Dorés à l’extérieur, fondants à cœur, ces beignets mariant jambon Pata Negra et fromage Manchego, accompagnés d’une sauce au membrillo, résument la gastronomie ibérique dans tout ce qu’elle a de plus généreux : un jeu de textures, un contraste sucré-salé et une odeur de friture festive qui évoque instantanément les marchés de Séville. Depuis quelques mois, les écoles hôtelières de 2025 redécouvrent ce classique de la recette espagnole pour l’enseigner comme exercice de précision : la pâte doit enrober sans étouffer, le jambon mérite une découpe millimétrée et le membrillo doit conserver une acidité rafraîchissante.

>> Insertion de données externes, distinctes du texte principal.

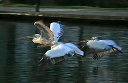 Takeoff from water is particularly energetic. The pelican requires strong pushes with both feet and heavy flapping of its broad wings to become airborne, especially when carrying a full pouch of fish.[33]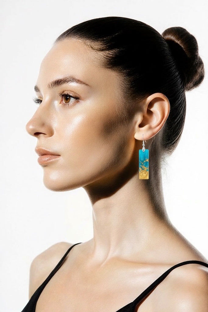 • Hand-cast resin earrings in your chosen shape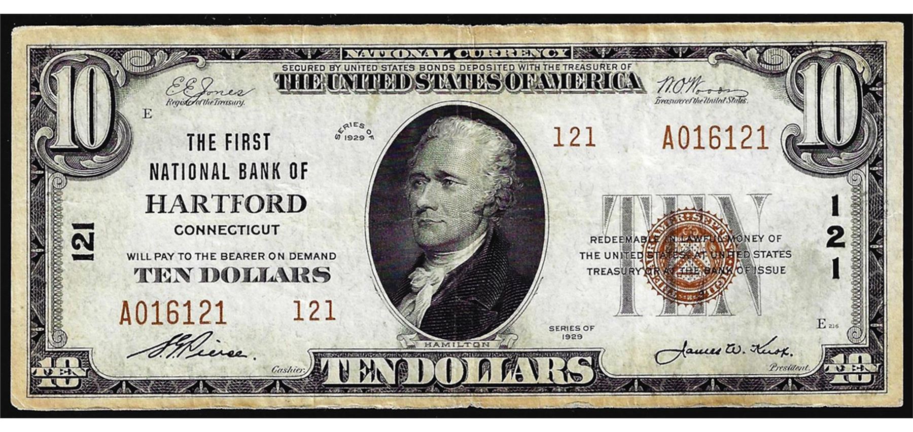 One 1929 $10 First NB Hartford, CT CH# 121 National Currency Note.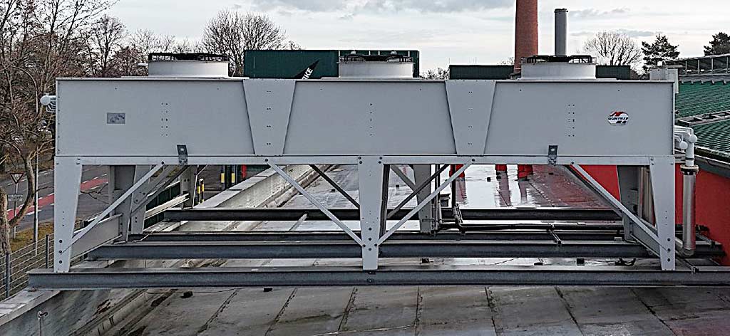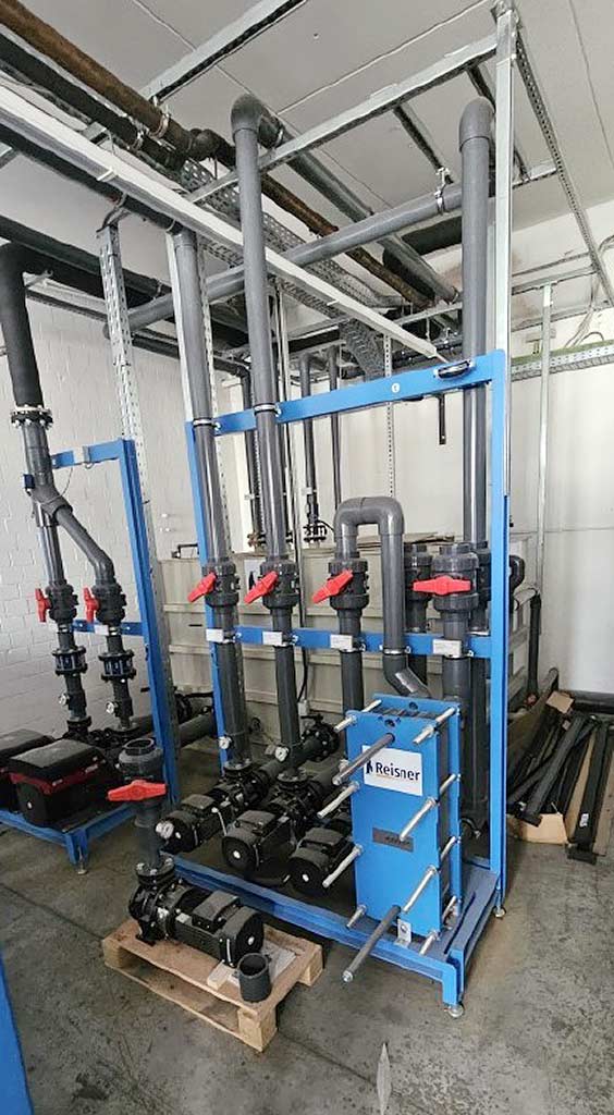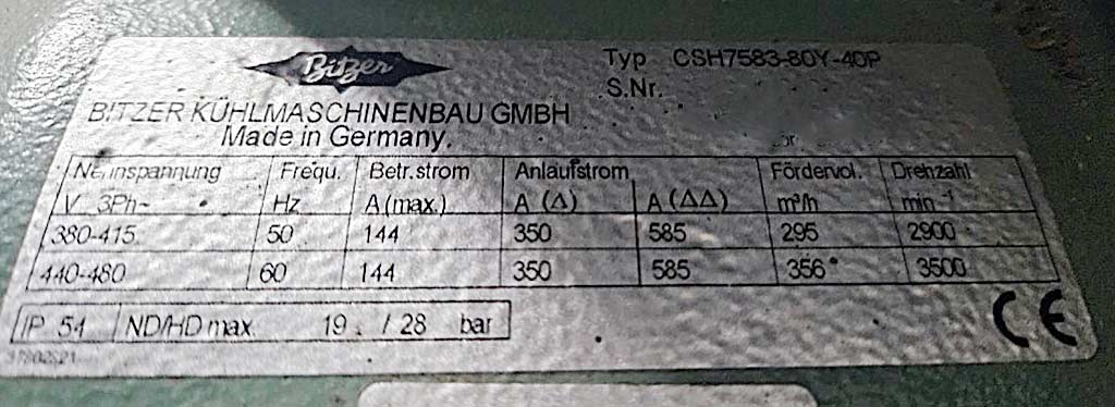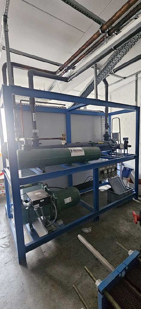 | Beschreibung Ein komplettes Kältesystem Reisner inklusive Wassertank, Trockenkühler und Kondensator steht zur Verfügung. Ausführung: Split-Ausführung, Kältemittel: R513A, Tankvolumen: ca. 3m³, Kälteleistung: 170kW, Medium: Wasser, Mediumtemperatur Ein/Aus: 14°C/10°C, Kondensator-Rückkühlleistung: 230kW, Trockenkühler-Rückkühlleistung: ca. 170kW. Kondensatordimensionen X/Y/Z: ca. 4450mm/2250mm/1500mm, Trockenkühlerdimensionen X/Y/Z: ca. 7050mm/1600mm/1950mm. Dokumentation vorhanden. Eine Besichtigung vor Ort ist möglich. |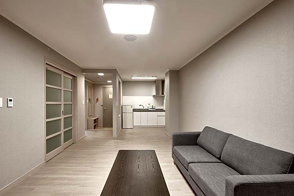 Location 6 km from terminal express bus, we can take there by taxi approximatle 9000-10.000 won. Big room ,warm, all kitchen amenities ready to use , rice cooker also. I love the smell of body wash so fresh. Comfortable bed. The room I choose fit for 5 people (2 bed room)

Le résultat ? Un en-cas prestigieux qui se sert autant dans un bar à tapas que dans une réception de startup parisienne.
En bref :
• Une pâte à beignets légère, aérée par une fermentation courte.

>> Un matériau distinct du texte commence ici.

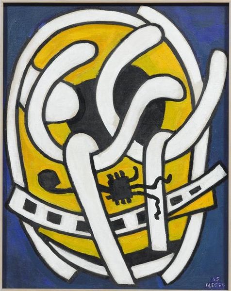Curator: Fernand Léger's "Composition on Yellow Background (Green Logs)," from 1954. A rather peculiar title given its visual complexity! Editor: Oh, it’s definitely…loud. It’s got this sort of bold, almost aggressively happy vibe to it, doesn’t it? The colors feel like they're trying to shout over each other, contained, however, within this irregular but prominent yellow "form" that frames the composition and against the background. Curator: Yes, this work exemplifies Léger's late-period focus on juxtaposing abstracted forms with everyday objects, blurring the lines between representation and abstraction. Notice how the 'logs,' while abstracted, retain a sense of weight and mass through his use of dark blues, greys, and greens in contrast to lighter colours that surround them. It is constructed of mixed media, primarily painting on perhaps a canvas. Editor: Mass indeed, I feel a physical presence. I love how the geometric shapes kind of clumsily crash into one another! And the linework gives the piece this scrappy, almost comic book energy. Léger’s really forcing us to question what’s 'foreground' and 'background,' and 'form.' Is it supposed to mirror his love for the dynamism of machinery, do you think? Curator: Indeed! His post-war works demonstrate a deep interest in modern production. The flattened perspective and bold outlines are very much a visual vocabulary borrowed from commercial art. The "logs" may evoke the industrial processing of materials; this also brings attention to labor in the art-making practice itself as well as the processes of societal production. Editor: This resonates. But there’s a warmth to this…industrial feel, a raw joy almost. Léger takes these potentially cold, manufactured forms and infuses them with this exuberant, almost playful spirit. It challenges this binary you’re talking about in industrial versus fine arts... I wonder, do you think Léger succeeded in reconciling those apparent opposites here? Curator: Well, it remains an active conversation among critics, to your point! However, I will note that in examining it so closely together today, perhaps there is a kind of harmony amidst the chaos. It embodies the potential of a shared cultural language formed in response to a constantly and quickly changing society. Editor: A stimulating exchange. It leaves you thinking long after you’ve turned away, doesn’t it? Thank you!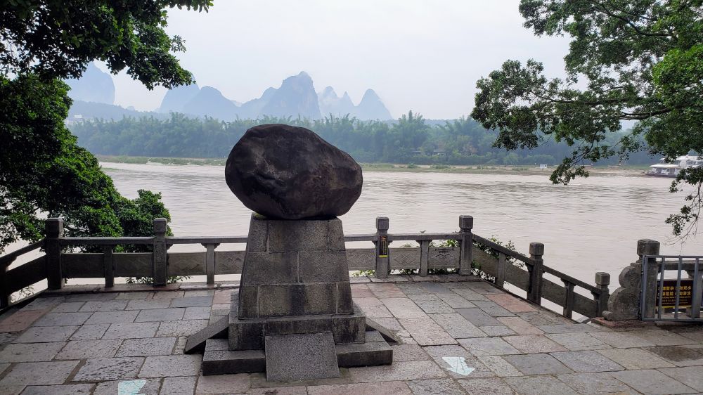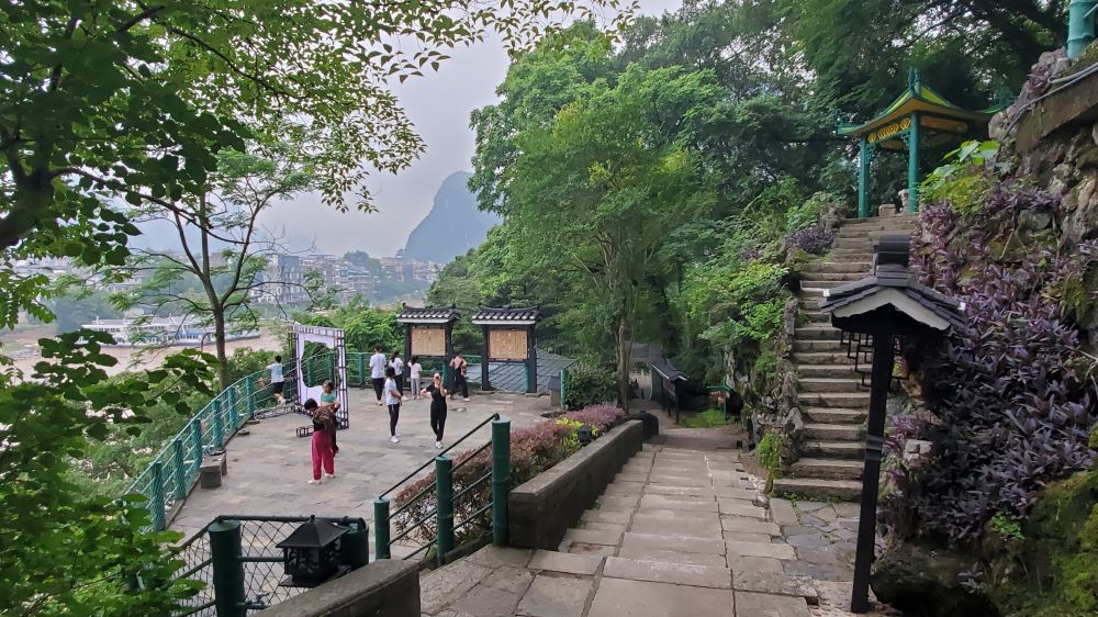 我做功课未发现此处。沿江的景区尚未开门,里面只有几位当地居民在晨练, 很宁静。一路进去,发现了不少宝贝。拍《刘三姐》抛绣球的阁楼,周恩来、陈毅、邓小平等游览休息的亭子和照片,还有许多年代已久的碑文石刻。

• Le jambon Pata Negra Bellota pour le gras fondant, possible alternative Serrano pour un budget maîtrisé.
• Du Manchego affiné douze mois, râpé grossièrement pour maximiser la fusion.
• Une sauce au membrillo montée au pimentón pour rappeler les ferias andalouses.

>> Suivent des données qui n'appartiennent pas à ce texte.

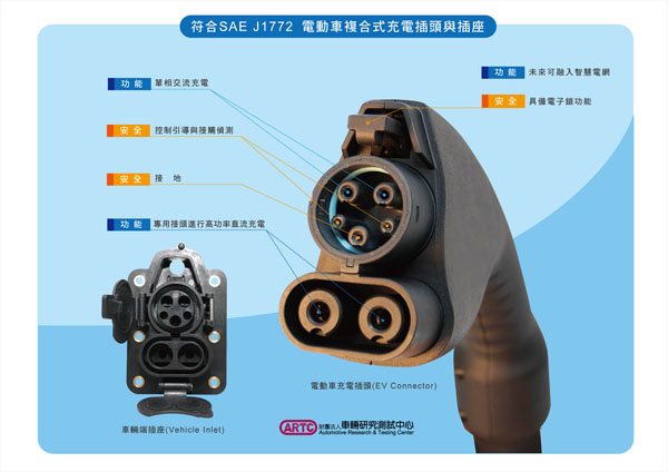 符合SAE J1772 電動車複合式充電插頭與插座介紹。
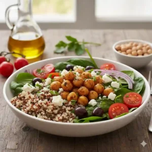- Lunch: A Mediterranean salad with cucumbers, tomatoes, chickpeas, feta cheese, and a drizzle of olive oil.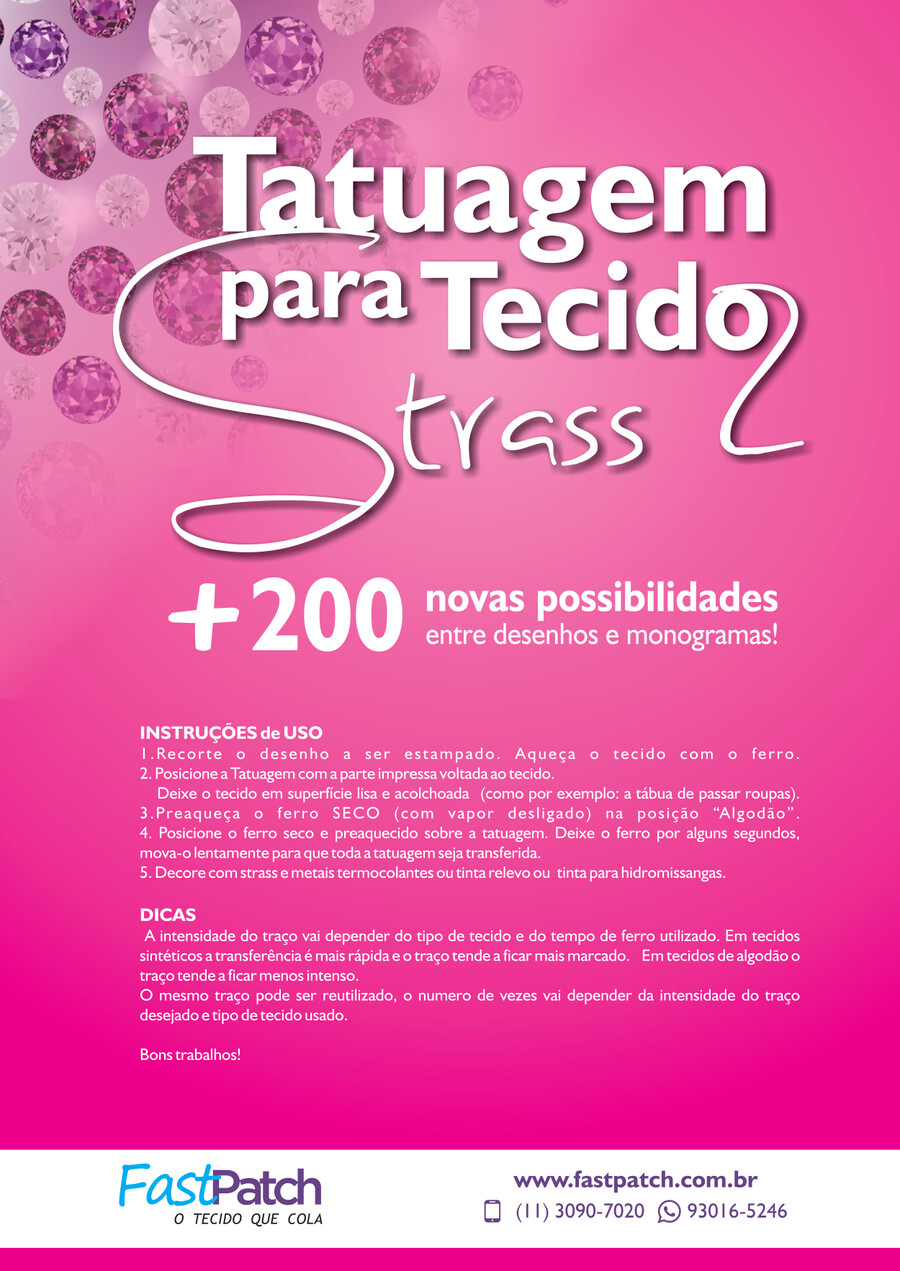 As tatuagens são muito mais do que desenhos corporais expressivos. Tatuagem para Tecido Strass Volume 2 - Fast PatchProduza lindas peças com Strass Termodinâmico FastPatch. São mais de 200 possibilidades.

• Un format idéal d’apéritif, mais qui se prête aussi au brunch ou au dessert sucré-salé lorsqu’on renforce la touche de coing.
Les fondamentaux des beignets ibériques : pâte, friture et tradition vivante
L’Espagne, berceau des buñuelos, joue avec la friture depuis l’époque almohade. Sous l’effet de l’huile d’olive chaude, la pâte gonfle, créant des alvéoles capables de retenir l’humidité du jambon. À Tolède, on raconte qu’un maître artisan testait la densité de sa pâte en la laissant tomber dans une vasque : si elle rebondissait brièvement avant de couler, la fermentation était parfaite. Aujourd’hui encore, les concours provinciaux de 2025 imposent un cahier des charges précis : 70 % de farine de blé T65, 25 % d’eau, 5 % d’huile et une pincée de levure fraîche, soit 12 g par kilo.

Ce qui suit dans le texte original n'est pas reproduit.